Squid Reverse Proxy and LetsEncrypt - Help a noob out?
-
Bump No. 1
-
What I did, was to setup a single certificate with multiple subject alternative names in it for your backend systems. You will then assign this certificate to your reverse squid configuration in the "Reverse SSL Certificate"
section.
I hope that helps. -
Hello - yours problem that you try to receive certificate from LetsEncrypt on port 443 where now you havent valid certificate!
You need do this on 80 port and on pure HTTP
Look:
"[domain].com: Verify error:Incorrect validation certificate for tls-sni-01 challenge. Requested 1f67d9d9124368539bcbe489de7c03b9.28cb710e0ebb36121c6f1cb0077c3b67.acme.invalid from xx.xx.xx.xx:443. Received 3 certificate(s), first certificate had names "
P.S.:- you must check box Disable webConfigurator redirect rule on System=>Advanced=>Admin Access because it occupies 80 port that you need
- you must open 80 and 443 ports on firewall on that WAN interface you need to accept requests
But how I figure out now ACME.sh LetsEncrypt packet with version 0.1.20 have bug and cat receive new certificate from any http method on pfSense, only from DNS method. But after you receive cert you can succesful use http or https method to renew your certificates. You can read my research at https://forum.pfsense.org/index.php?topic=138366.msg757153#msg757153
-
Had any luck working on this exact scenario now.

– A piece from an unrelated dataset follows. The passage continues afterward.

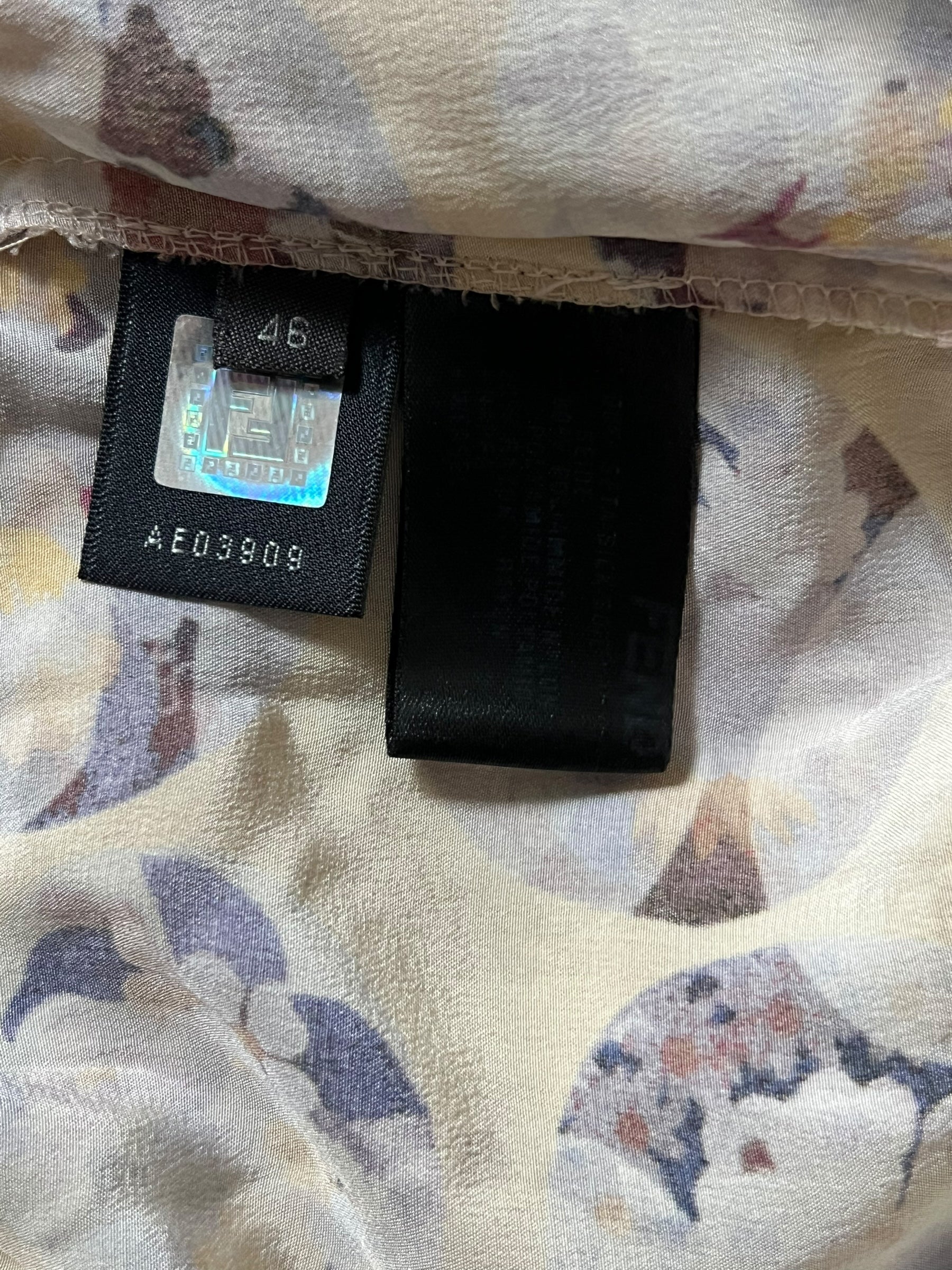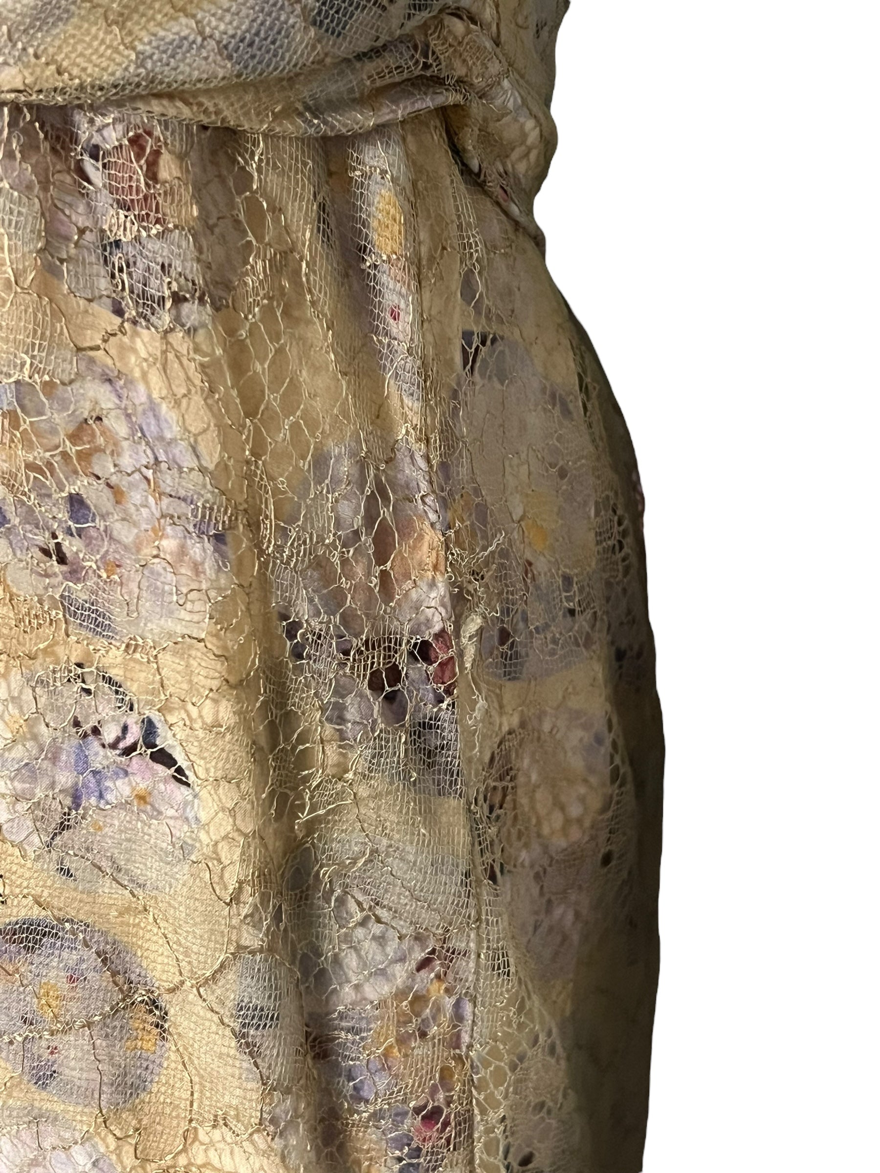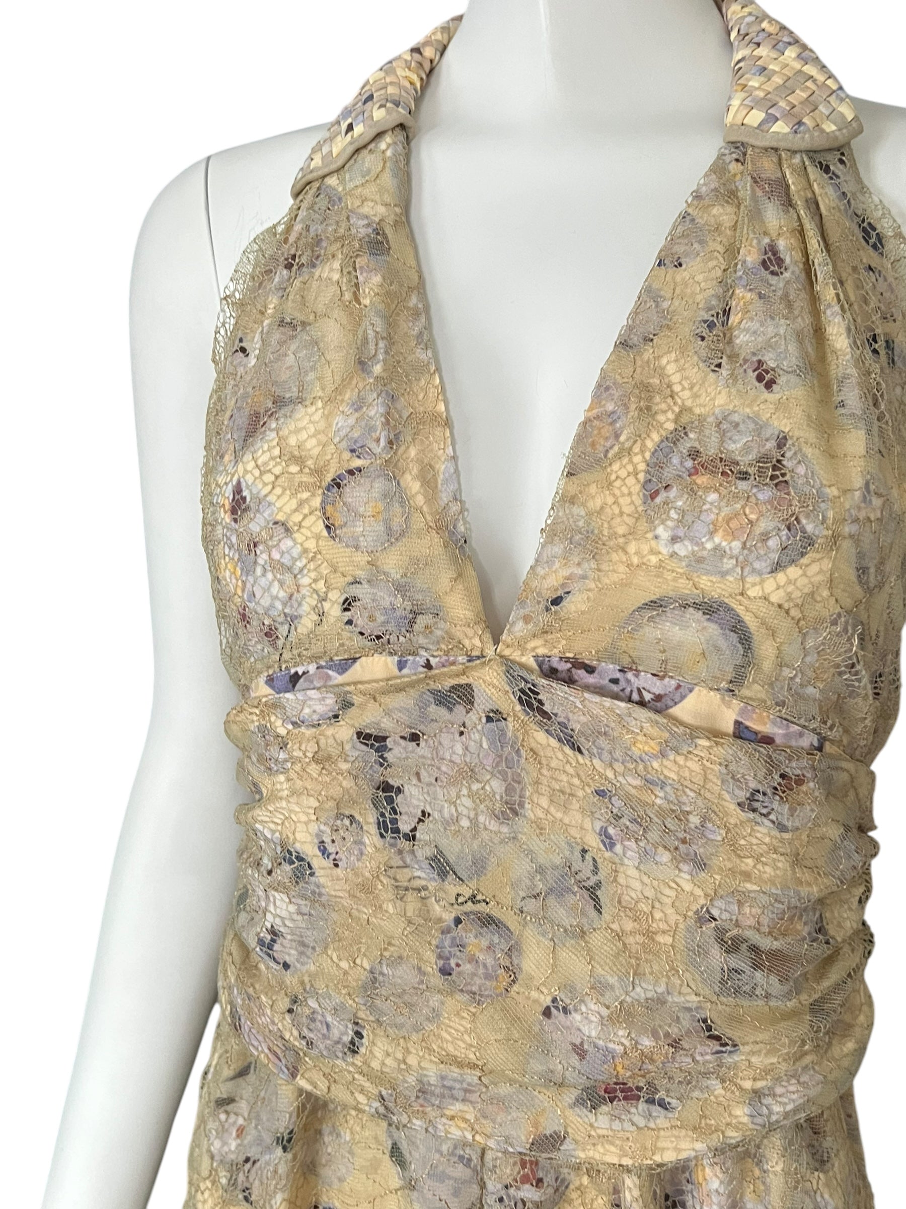 An exquisite Fendi halterneck maxi dress featuring delicate floral lace overlay in a soft beige hue, accented with subtle pastel tones.

I validated my cert using my external web host then redirected it back to my external IP but I get a ERR_SSL_PROTOCOL_ERROR now.
-
you must use 80 port and http, why you all guys try use ssl when you haven't it?
-
My cert is verified
Still running 2.1.5 planning on upgrading soonSince I'm using my hvac.domain.com cert for the reverse ssl certificate how would I get it working for main.domain.com? Am I going to need a wildcard certificate to get it working?
-
why you write about your Squid Reverse Proxy in post about Squid Reverse Proxy+LetsEncrypt?
P.S. Yes you need or another cert, or wildcard, or multidomain cert. -
Because I'm using letsencrypt I just found one of my issues was the CSR created by my app was messed up. I let letsencrypt create it and now its working externally when just nat port 443 open. Still havent add any luck getting it to reverse proxy 443 with the updated cert.
Can you use multiple certs with the reverse proxy since you have to define one for the reverse proxy? Or do I just need to use a wildcard there and internally use the specific name cert i.e. "hvac.domain.com"
-
I really do not understand want at end…
-
Ok, so I think I'm finally understanding where I was messing up in my squid RP logic. I was under the impression that each web server would be encapsulating their traffic into their own Let's Encrypt certificates, then forwarding that traffic to the RP server, which would then encapsulate it with its own certificate.
So… with that said, I now have another issue, which is that at least a couple of my services (OpenCloud being the main one) have https, server checks inbedded in the system, and will throw errors if not encrypted properly. Is there any way to set an end-to-end encryption path for apps like this, and really for any other http service I may have running? (I don't really like the idea of my passwords floating around on my lan between servers that much). Is there a setting in Squid Reverse Proxy for an upstream, either self-generated or squid generated certificate?